- **ASSIGNMENT**
Print the data that follows word for word, leaving out any picture.
[[ DATA SEGMENT open ]]
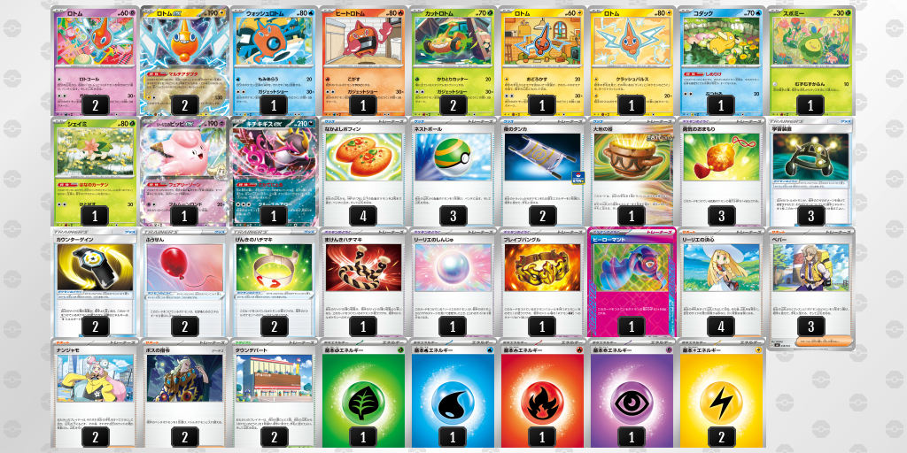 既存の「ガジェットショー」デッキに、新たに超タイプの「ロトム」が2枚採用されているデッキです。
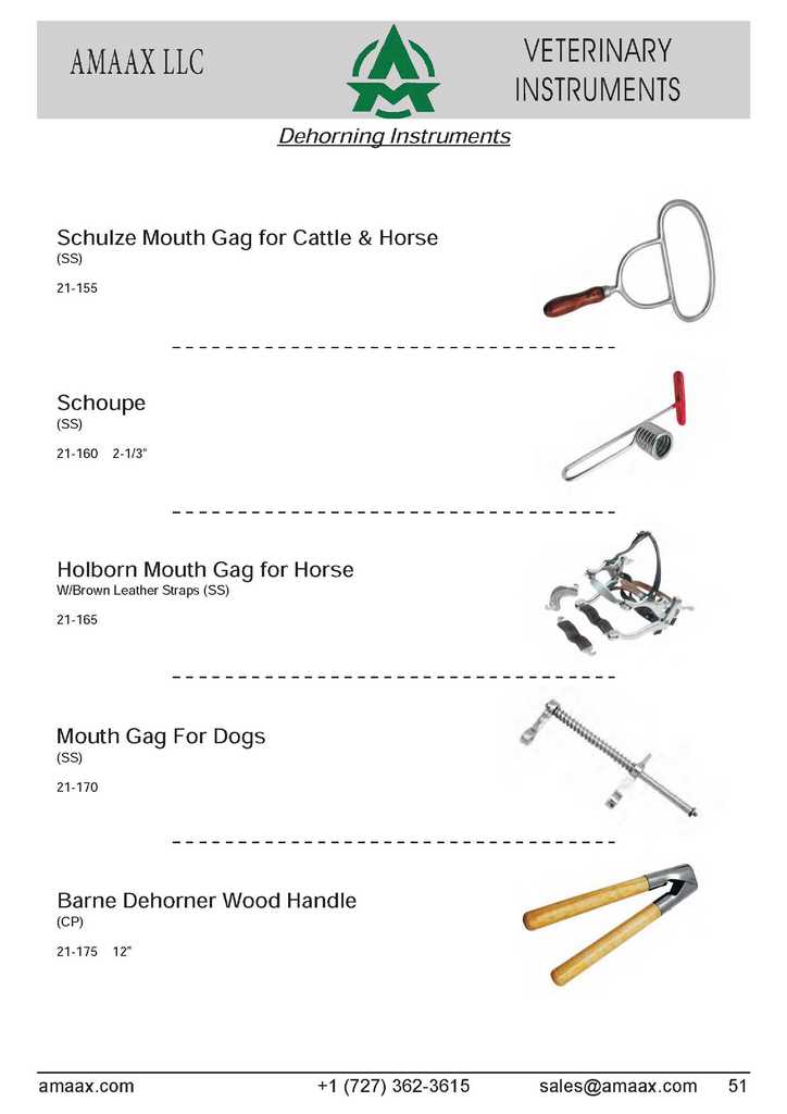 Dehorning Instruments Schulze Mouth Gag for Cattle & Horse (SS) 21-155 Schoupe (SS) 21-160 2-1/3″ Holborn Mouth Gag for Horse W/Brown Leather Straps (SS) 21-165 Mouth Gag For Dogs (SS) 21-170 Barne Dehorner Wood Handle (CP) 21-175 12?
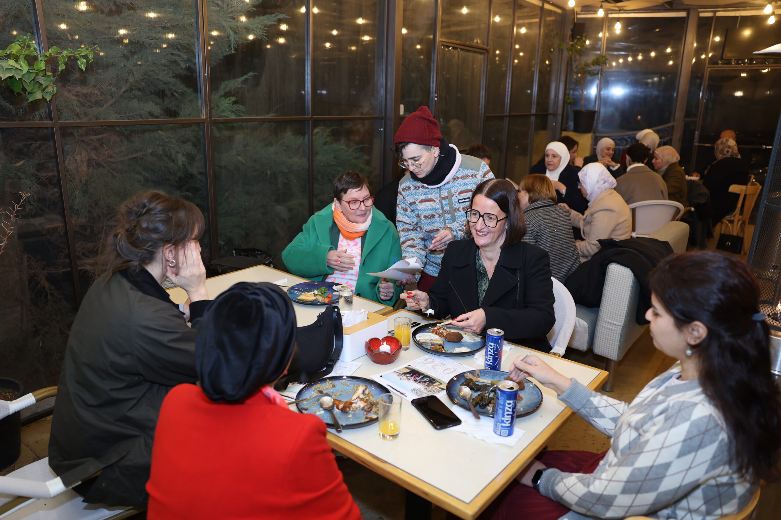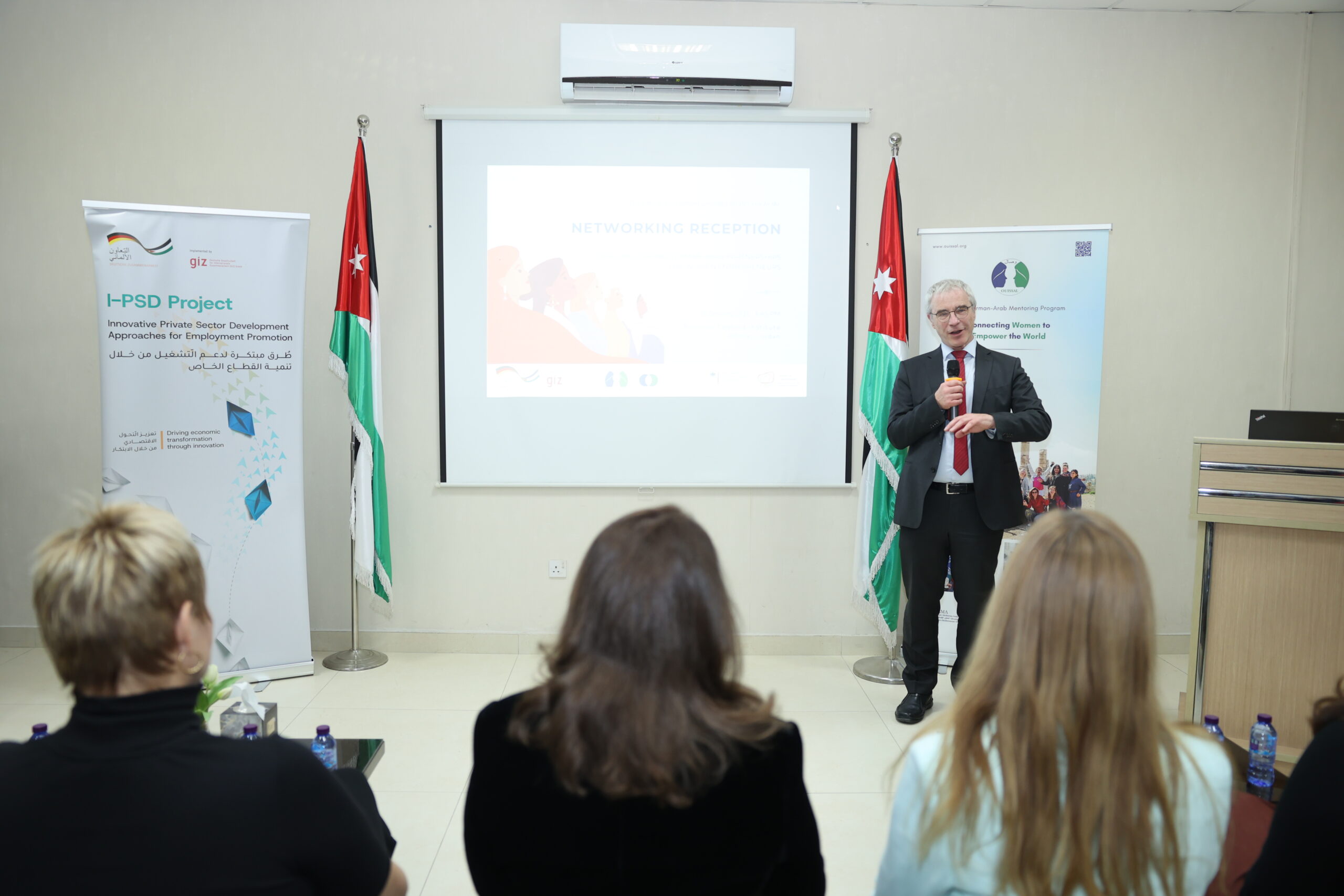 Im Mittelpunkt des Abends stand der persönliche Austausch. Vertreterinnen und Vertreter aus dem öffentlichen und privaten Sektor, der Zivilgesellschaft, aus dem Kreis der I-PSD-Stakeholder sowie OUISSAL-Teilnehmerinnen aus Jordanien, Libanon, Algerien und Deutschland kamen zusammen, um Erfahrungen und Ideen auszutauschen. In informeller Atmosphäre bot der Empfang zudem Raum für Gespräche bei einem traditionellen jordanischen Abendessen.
[[ DATA SEGMENT closed ]]
- **YOUR RESPONSE**
 既存の「ガジェットショー」デッキに、新たに超タイプの「ロトム」が2枚採用されているデッキです。
 Dehorning Instruments Schulze Mouth Gag for Cattle & Horse (SS) 21-155 Schoupe (SS) 21-160 2-1/3″ Holborn Mouth Gag for Horse W/Brown Leather Straps (SS) 21-165 Mouth Gag For Dogs (SS) 21-170 Barne Dehorner Wood Handle (CP) 21-175 12?
 Im Mittelpunkt des Abends stand der persönliche Austausch. Vertreterinnen und Vertreter aus dem öffentlichen und privaten Sektor, der Zivilgesellschaft, aus dem Kreis der I-PSD-Stakeholder sowie OUISSAL-Teilnehmerinnen aus Jordanien, Libanon, Algerien und Deutschland kamen zusammen, um Erfahrungen und Ideen auszutauschen. In informeller Atmosphäre bot der Empfang zudem Raum für Gespräche bei einem traditionellen jordanischen Abendessen.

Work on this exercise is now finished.